=== Entries shown ===
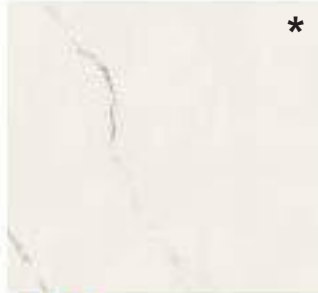
60NA07R NA07 Calacatta Gold Rect. 24"x24" . 60x60 cm
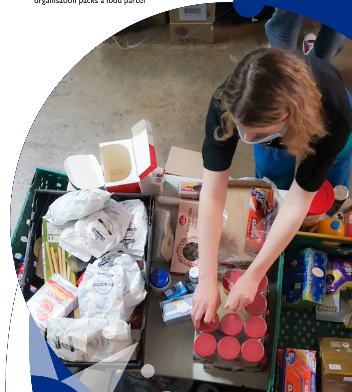
A volunteer from a South Yorkshire's Community Foundation funded organisation packs a food parcel

UK Community Foundations is the only network of place-based funders that actively generates philanthropy from local donors. In turn, community foundations distribute the funding raised, based on identified regional and community needs. Community foundations have been 'levelling up' communities and addressing regional inequalities for decades. The needs of the most deprived communities have never been more pressing. It is vital we ensure that community philanthropy can be used to improve lives in those places based on an understanding of what they really need.
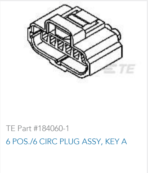
TE Part #184060-1 6 POS./6 CIRC PLUG ASSY, KEY A
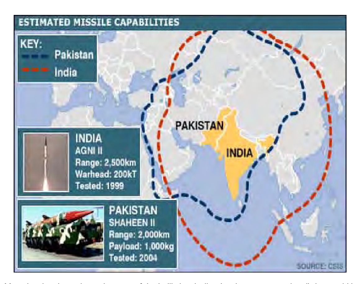
Map showing the estimated ranges of the ballistic missiles (nuclear or conventional) that could be launched by India and Pakistan, 2004 Download this map – 28k

If you have suggestions for specific visual items that we might circulate in future issues of India Matters and add to the teacher resource bank, please post them on the eDiscussion Forum, including details of what they are and where they came from.
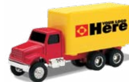
1:64 Navistar Delivery Straight Truck
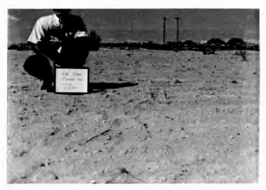
Faith Mine Regraded Area, 9/12/95
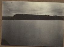
Moonlight on Yaquina Bay.
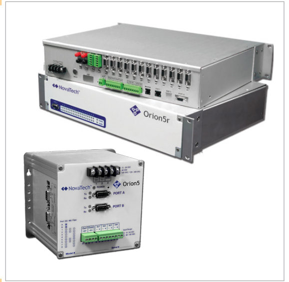
DA-Master is a software module for either the Orion5 or Orion5r Automation Platform
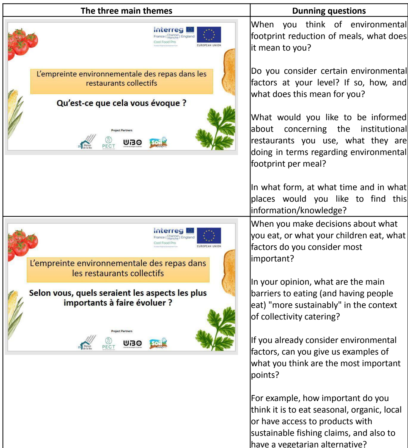
Table 5 - Interview guide for Focus Group Guests - Main themes and follow-up questions

sign before the start of the focus group, a sign-in sheet and a project presentation document that was given to the participants during the face-to-face focus groups (focus groups 1 and 2 in France).
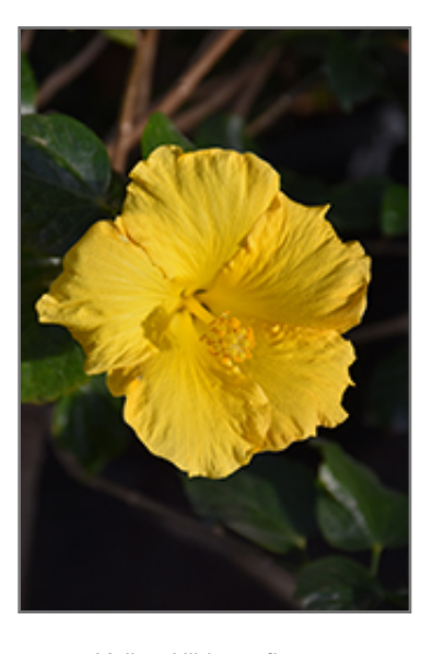
Yellow Hibiscus flowers

This plant is native to the tropics and prefers growing in moist environments with evenly warm conditions all year round. In our climate, it is usually grown as an outdoor annual in the garden or in a container. If you want it to survive the winter, it can be brought in to the house and provided with special care, and then returned to the garden the following season. In its preferred tropical habitat, it can grow to be around 10 feet tall at maturity, with a spread of 10 feet. However, when grown as an annual or when overwintered indoors, it can be expected to perform differently, and its exact height and spread will depend on many factors; you may wish to consult with our experts as to how it might perform in your specific application and growing conditions.
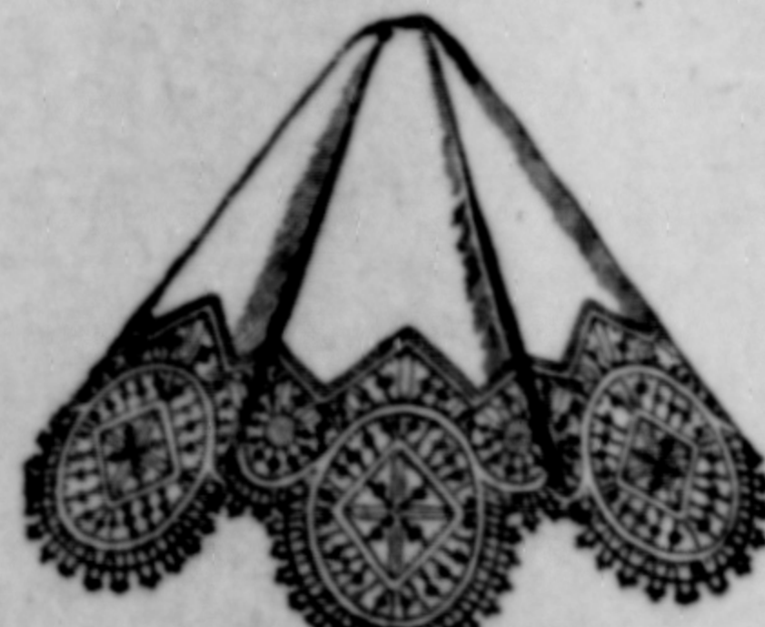
DAINTY HANDKIE. No. 910, 70c each Lace 1 1-4 inches deep

made by the cottagers of BUCKINGHAMSHIRE Our laces were awarded the Gold Medal at the Festival of Empire and Imperial Exhibition, Crystal Palace, 1911
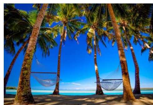
RELAX ON A HAMMOCK BY THE BEACH
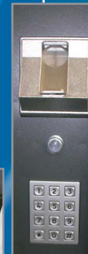
SAFETY COIN INSERT
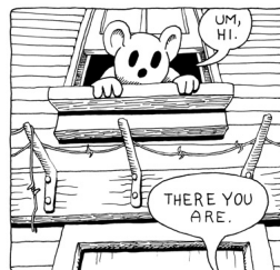
Jon Haddock, Come Down Neville (detail), 2010. Digital image, dimensions variable.
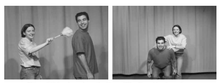
The girl is pimming the boy. The boy is pimming.

The present research asked how children use the alternations shown in (1) and (2) to assign different meanings to causal and unspecified-object verbs. The two alternations are syntactically identical: both involve a transitive and an intransitive sentence. Moreover, the two alternations assign similar roles to the subject and object arguments of the transitive sentence of each pair (1a, 2a): both types of verbs assign the agent of action to the subject position and the recipient of action (the undergoer) to object position. The difference between the two alternations lies in the semantic roles assigned to subject position in the intransitive sentence of each pair. In intransitive sentences, unspecified-object verbs assign the agent to the subject position (2b), just as they do in transitive sentences. In contrast, causal verbs assign the undergoer to this position (1b). In order to assign appropriately different interpretations to novel verbs presented in these two alternations, children must be able to
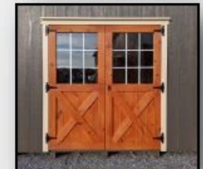
Craftsman Series Door w/ Glass

*** ALL STANDARD OPTIONS REMOVED WILL RECEIVE 50% OFF LISTED PRICE ***
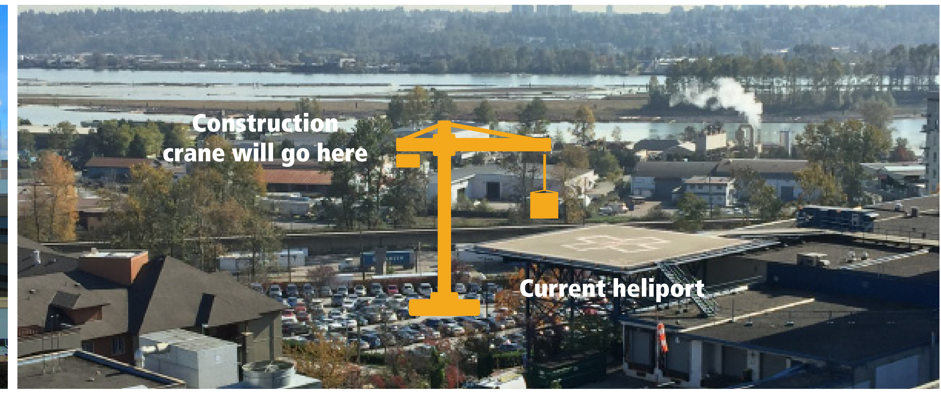
Our existing heliport is too close to construction cranes that will be used to build Phase One and Phase Two. It will be closed at the end of Summer 2017 and later removed.
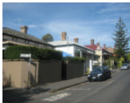
Victorian villas and cottages on the north side of Wilson Street
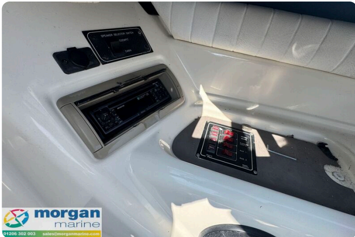
Bayliner 2252 - radio
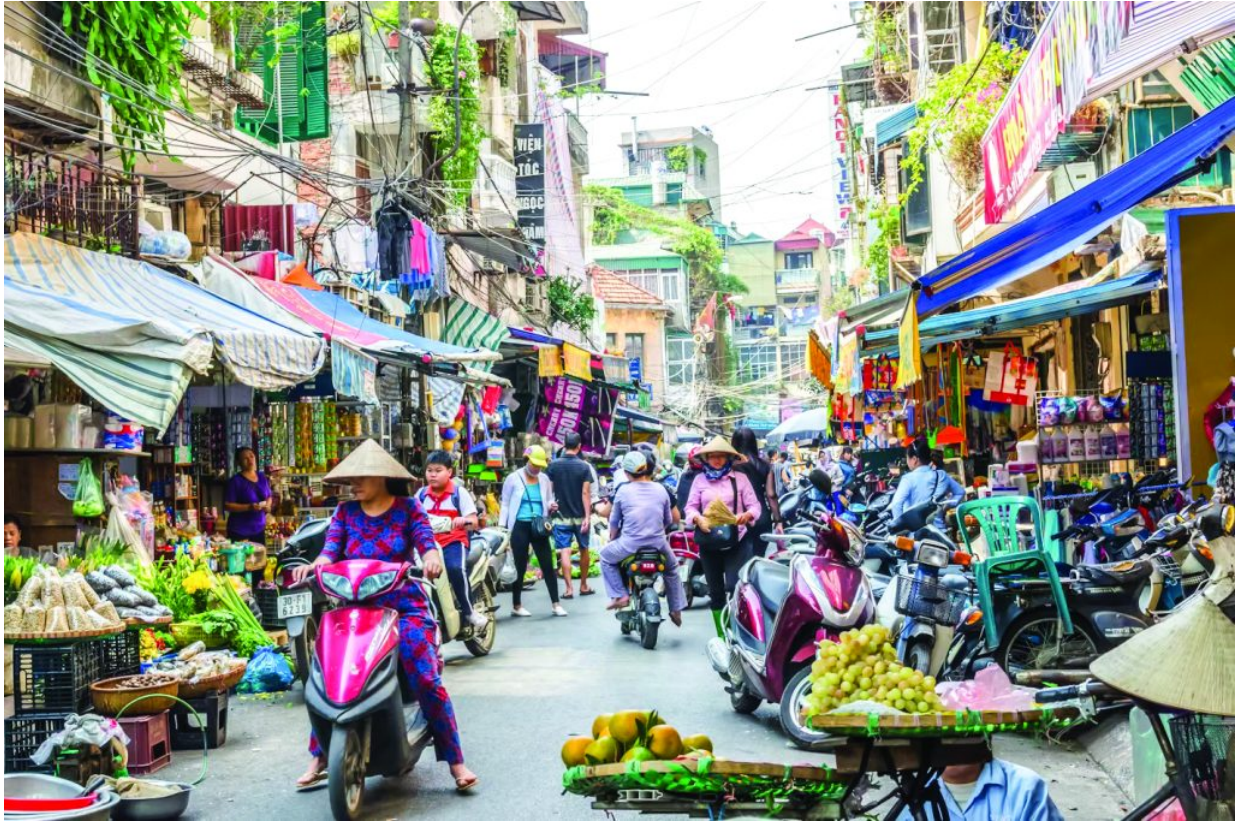
An emerging destination – bustling market in Vietnam.
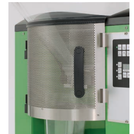
Optional fly protection screen

Flies will buzz off The fine-pored fly screen for the mixer prevents flies from getting into the feeding box. Steam that arises in the feeding box can easily escape because of the large size of the box and through the pores; condensation water is easily prevented this way.
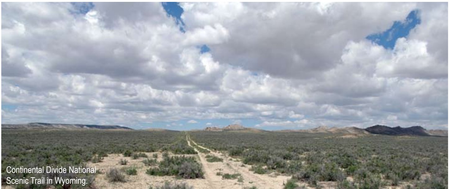
Continental Divide National Scenic Trail in Wyoming.
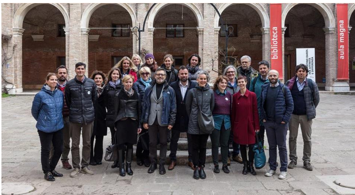
Interreg IT-HR Partnership

mouth of the Ofanto river, the natural reserve of Sentina, the north lagoon of Venice, the lagoon of Marano, the ornithological reserve Palud, the island of Pag and the mouth of the Neretva river. It assured higher coordination among stakeholders and decision makers, limiting and absorbing raising conflicts between preservation issues and economic activities (farming, aquaculture, tourism) and enhanced the achievement of sustainable long-term results. The awareness of the wetland ecosystems value among policy makers, managers, professionals, and general public was raised while their active engagement in territorial governance was strengthened.
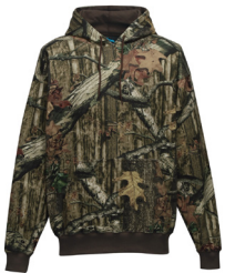
Mossy Oak® Infinity®
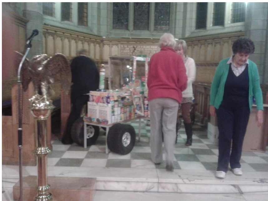
The 'Harvest Tractor' under construction . . .
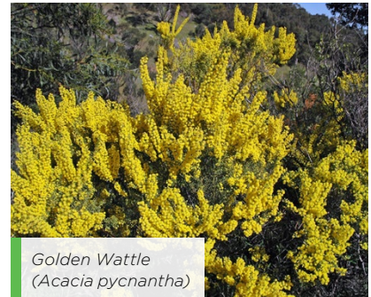
Golden Wattle ( Acacia pycnantha )
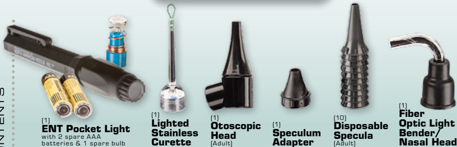
(1) ENT Pocket Light with 2 spare AAA batteries & 1 spare bulb
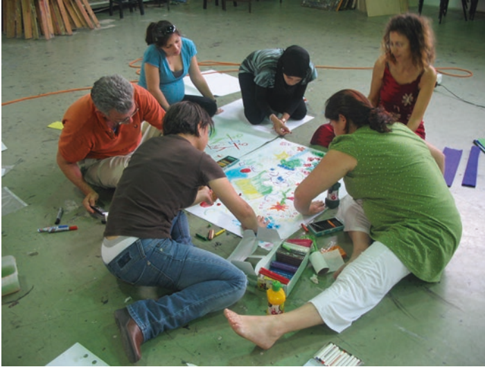
Fig. 13.5 Creation configuration, Session 2 of the action experiment in the Studio for Social Creativity

There was a sudden transition to a new configuration in which the participants began drawing or painting on two shared sheets of paper. Everyone was leaning forward, and there was an appearance of great intensity. We term this configuration Creation (see Fig. 13.5) because a relatively cohesive group took shape and created a collective work. 5 During this Configuration the group appeared to be comfortable behaving as artists, each individual concentrating on aesthetic expression.
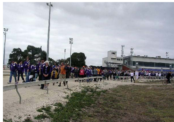
Above: The crowd walks on, despite the dark clouds above them.
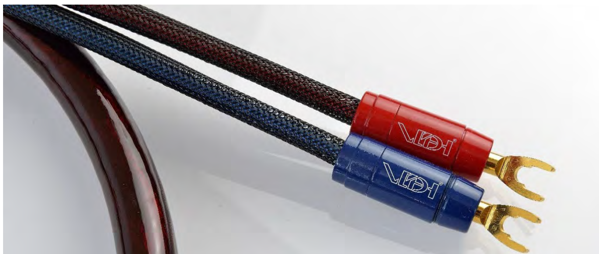
The Super Nova > PVC Free < Made in E.U.
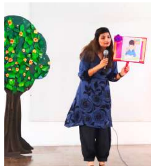
EXPERT VISIT: Exciting Day of Exploration for the young learners.
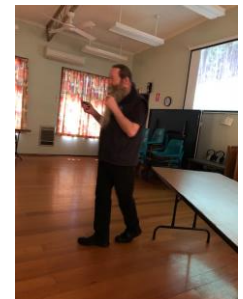
Scottie in full flight
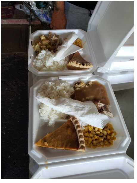
Hau'oli Lā Ho'omaika'i Happy Thanksgiving

Even though we had to cancel the church based Thanksgiving meal prep due to the virus, the Langi family gathered at their home, masked up and socially distanced — and ended up filling 150 hungry stomachs of our unsheltered neighbors and friends!!!!!!! With special thanks to the youth who really stepped up with this effort. God willing, next year we shall all be part of this wonderful ministry once again!!!!!!!!!!!
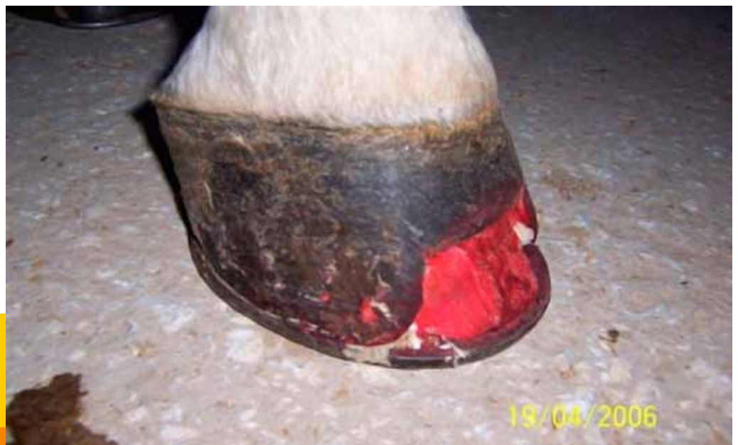
Figure 2. A typical presentation of white line disease, with visible inner layer, after the removal of the horny layer from the farrier.

cases hot shoeing was suggested. Fourteen horses were shod with an egg-bar shoe 9 and 30 horses with heart-bar shoe with or without silicone
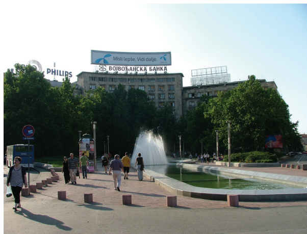
Fig. 6. Frequent use of public place, Square of Nikola Pašić

The principle of accessibility is based on the same humanistic concepts and legal provisions guaranteeing equal rights for all citizens to freedom and which prohibit discrimination and exclusion on any grounds. The freedom of movement, the feeling of comfort include also the feeling of security and safety, and most of the measures, including also the technical ones, contribute to a different appearance, understanding, acceptance and manner of space usage. The concern about the public spaces, but also the concerns about all members of society, providing equal opportunities to all through the measures of adjustment, sharing space and enjoying life together, communication and a sense of belonging are the basis for creating a secure and safe environment. If the needs of the most vulnerable sections of society have been met (e.g. people with disabilities, the elderly, children or women), then the needs of all those who do not feel vulnerable or endangered will also be met, but they can easily become the same (vulnerable and endangered) if they are exposed to the inconvenience of a neglected and hostile environment.
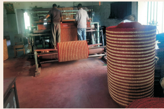
SK1 Coir Matting
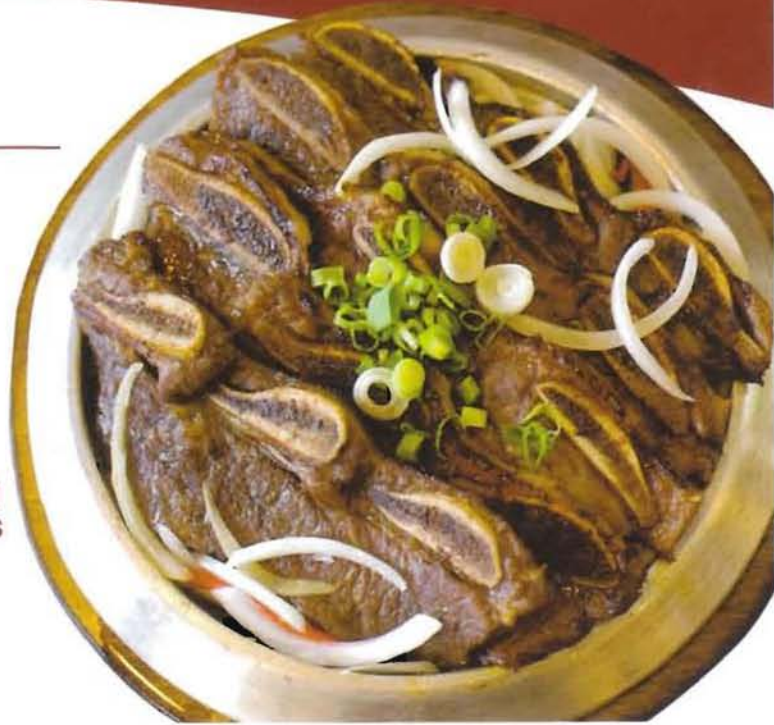
LA 갈비 BEEF SHORT RIBS
===
Given the entries above, transcribe exactly the lines from the one holding "Craftsman Series Door w/ Glass" through the one holding "Optional fly protection screen"; pictures do not belong in the transcription.

Craftsman Series Door w/ Glass

*** ALL STANDARD OPTIONS REMOVED WILL RECEIVE 50% OFF LISTED PRICE ***
Our existing heliport is too close to construction cranes that will be used to build Phase One and Phase Two. It will be closed at the end of Summer 2017 and later removed.
Victorian villas and cottages on the north side of Wilson Street
Bayliner 2252 - radio
An emerging destination – bustling market in Vietnam.
Optional fly protection screen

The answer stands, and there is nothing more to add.